Problem requirements: Only the lines from the one with "De villa beschikt" through the final line below belong in the answer, copied exactly and without pictures.

____ Data section

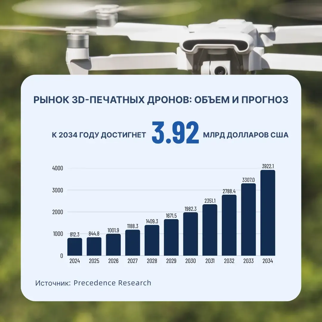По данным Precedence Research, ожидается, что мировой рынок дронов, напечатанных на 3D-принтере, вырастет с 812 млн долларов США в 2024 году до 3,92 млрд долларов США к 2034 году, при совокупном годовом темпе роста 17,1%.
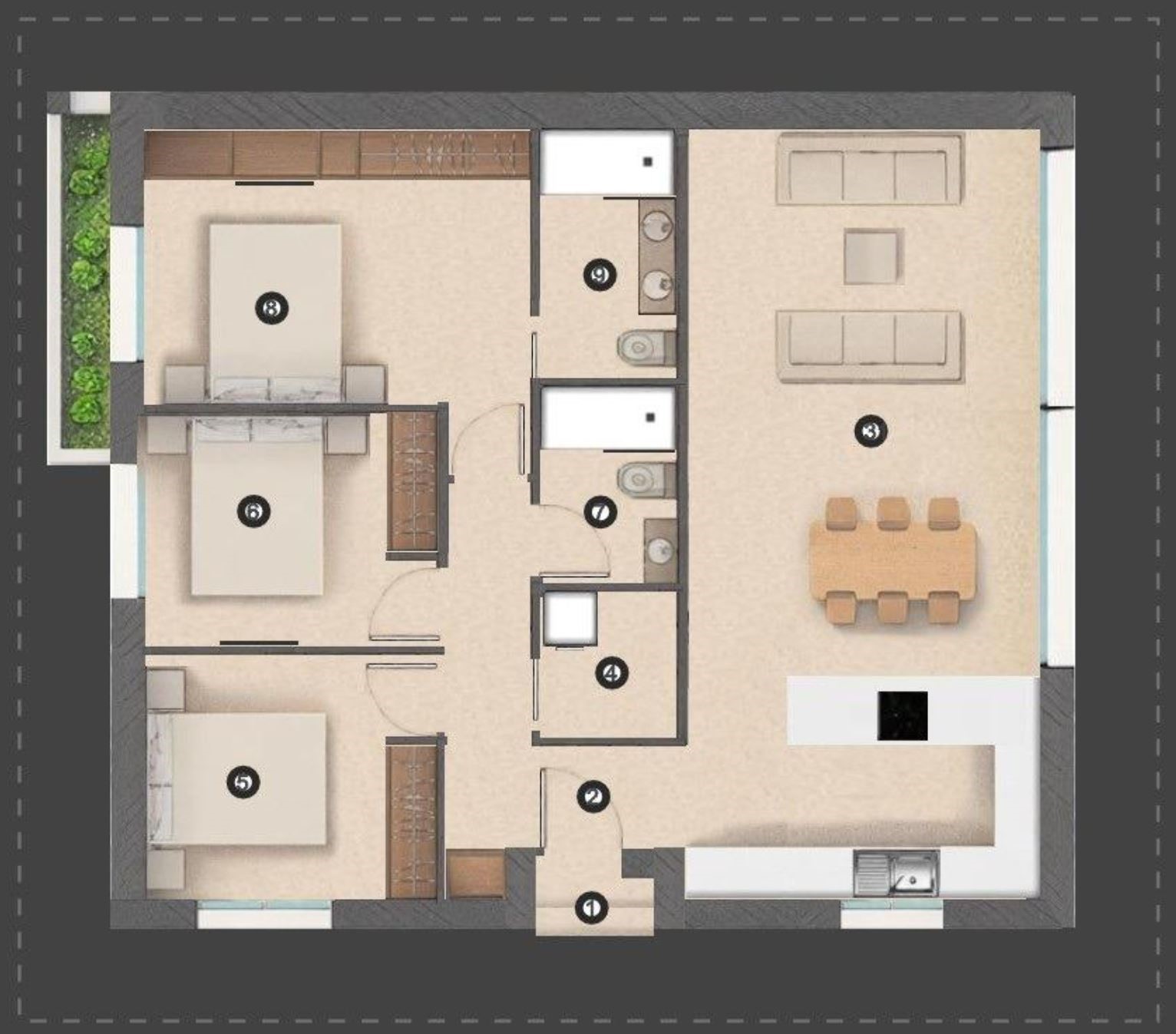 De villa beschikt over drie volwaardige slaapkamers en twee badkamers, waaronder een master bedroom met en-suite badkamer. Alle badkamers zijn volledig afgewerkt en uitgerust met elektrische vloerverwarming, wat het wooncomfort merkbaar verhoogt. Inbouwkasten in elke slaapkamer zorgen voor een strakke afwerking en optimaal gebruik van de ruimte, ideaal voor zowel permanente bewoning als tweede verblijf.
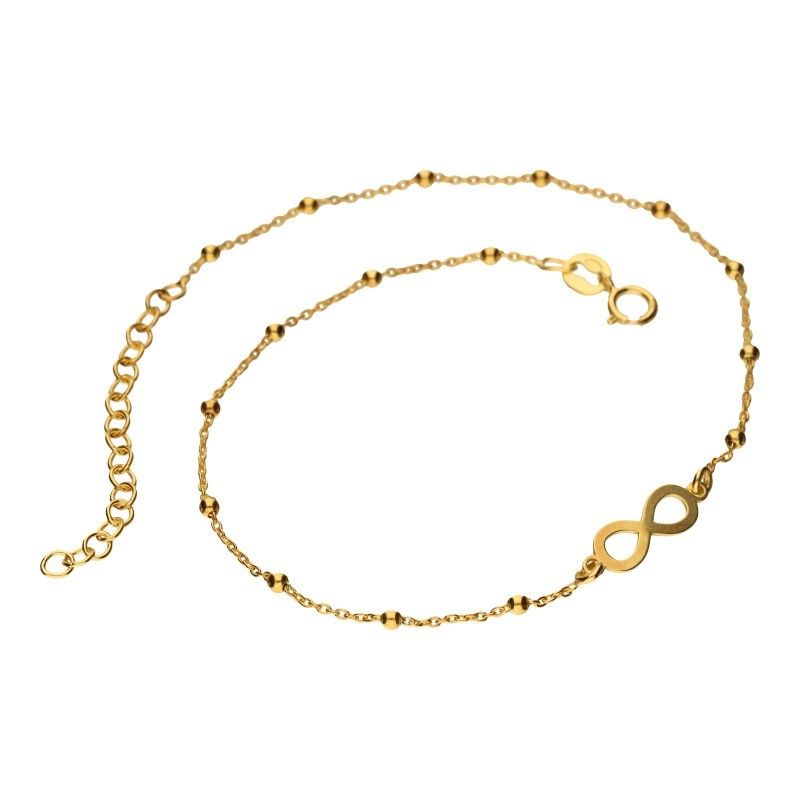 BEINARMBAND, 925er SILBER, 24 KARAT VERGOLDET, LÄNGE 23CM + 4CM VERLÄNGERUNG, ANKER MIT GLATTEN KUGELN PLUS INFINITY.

________

Result below:
 De villa beschikt over drie volwaardige slaapkamers en twee badkamers, waaronder een master bedroom met en-suite badkamer. Alle badkamers zijn volledig afgewerkt en uitgerust met elektrische vloerverwarming, wat het wooncomfort merkbaar verhoogt. Inbouwkasten in elke slaapkamer zorgen voor een strakke afwerking en optimaal gebruik van de ruimte, ideaal voor zowel permanente bewoning als tweede verblijf.
 BEINARMBAND, 925er SILBER, 24 KARAT VERGOLDET, LÄNGE 23CM + 4CM VERLÄNGERUNG, ANKER MIT GLATTEN KUGELN PLUS INFINITY.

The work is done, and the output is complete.